In computing, a sink,  or data sink generally refers to the destination of data flow.

The word sink has multiple uses in computing. In software engineering, an event sink is a class or function that receives events from another object or function, while a sink can also refer to a node of a directed acyclic graph with no additional nodes leading out from it, among other uses.

In software engineering 

An event sink is a class or function designed to receive incoming events from another object or function. This is commonly implemented in C++ as callbacks. Other object-oriented languages, such as Java and C#, have built-in support for sinks by allowing events to be fired to delegate functions.

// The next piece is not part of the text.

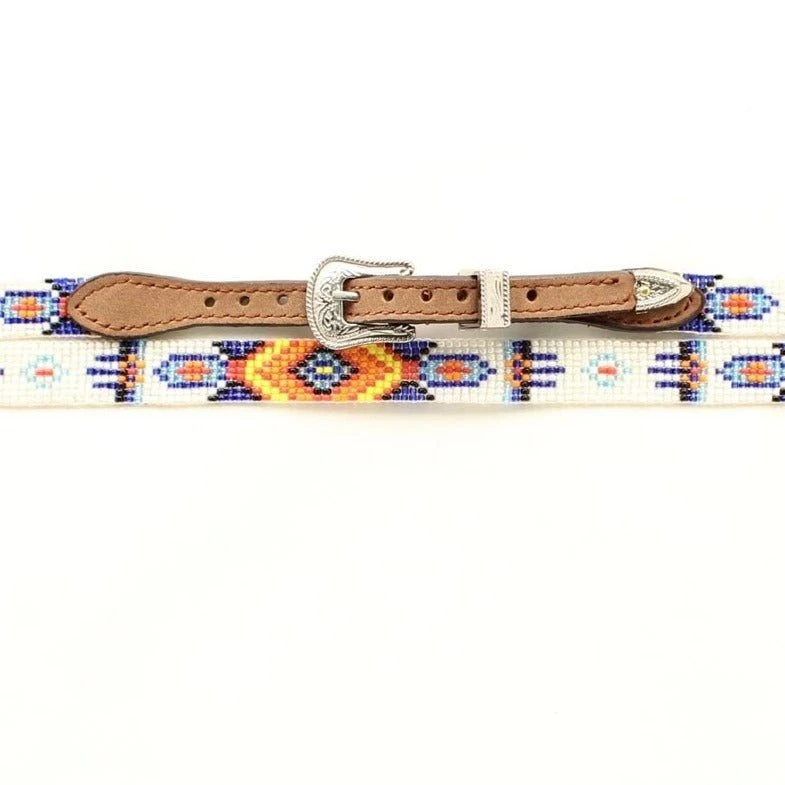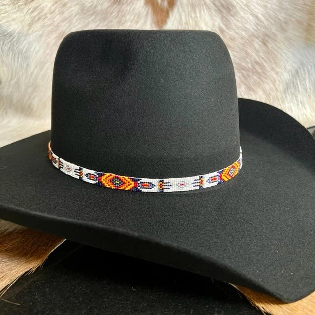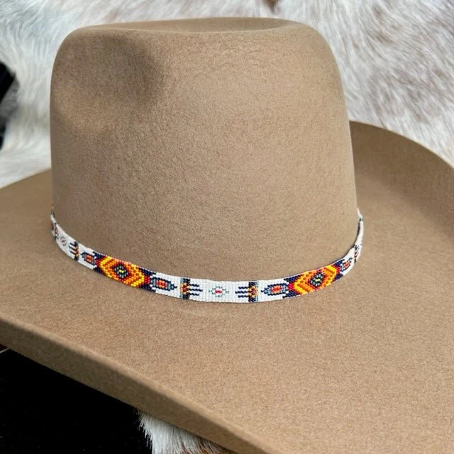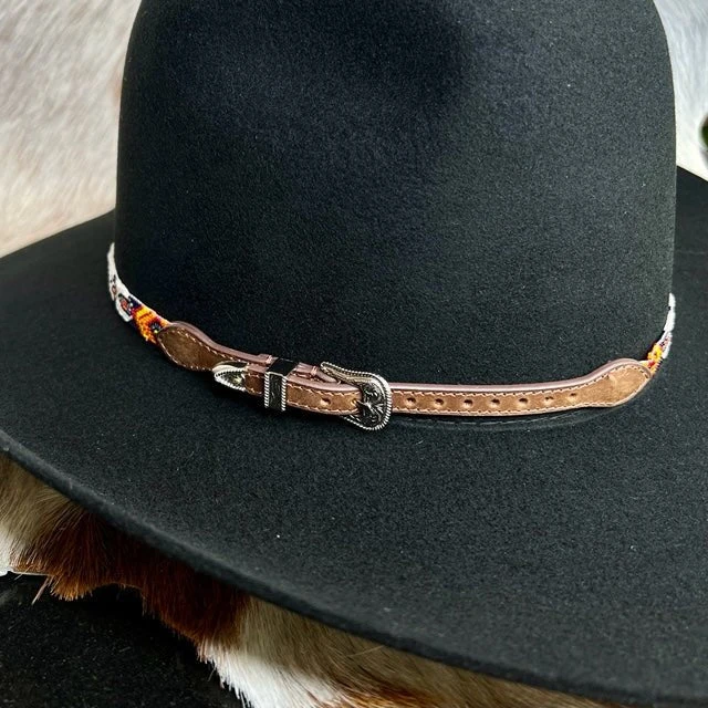 A great western hatband for the fashionable cowboy. This very unique hatband by M&F Western Products features a bright orange, blue and white band with medium brown genuine leather tabs. This hatband uses a belt style adjustment with a floral accented silver buckle.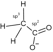 The methyl carbon is sp3 hybridised and has a tetrahedral geometry; the connected carbonyl carbon is sp2 hybridised that is doubly bonded to neutral oxygen and singly bonded to a negatively charged oxygen. However, both the oxygen is equivalent due to the delocalization of electrons through resonance.

Due to lack of formal definition, a sink is often misconstrued with a gateway, which is a similar construct but the latter is usually either an end-point or allows bi-direction communication between dissimilar systems, as opposed to just an event input point . This is often seen in C++ and hardware-related programming , thus the choice of nomenclature by a developer usually depends on whether the agent acting on a sink is a producer or consumer of the sink content.

In graph theory 

In a Directed acyclic graph, a source node is a node (also known as a vertex) with no incoming connections from other nodes, while a sink node is a node without outgoing connections.

Directed acyclic graphs are used in instruction scheduling, neural networks and data compression.

In stream processing 

In several computer programs employing streams, such as GStreamer, PulseAudio, or PipeWire, a source is the starting point of a pipeline which produces a stream but does not consume any, while a sink is the end point which accepts a stream without producing any.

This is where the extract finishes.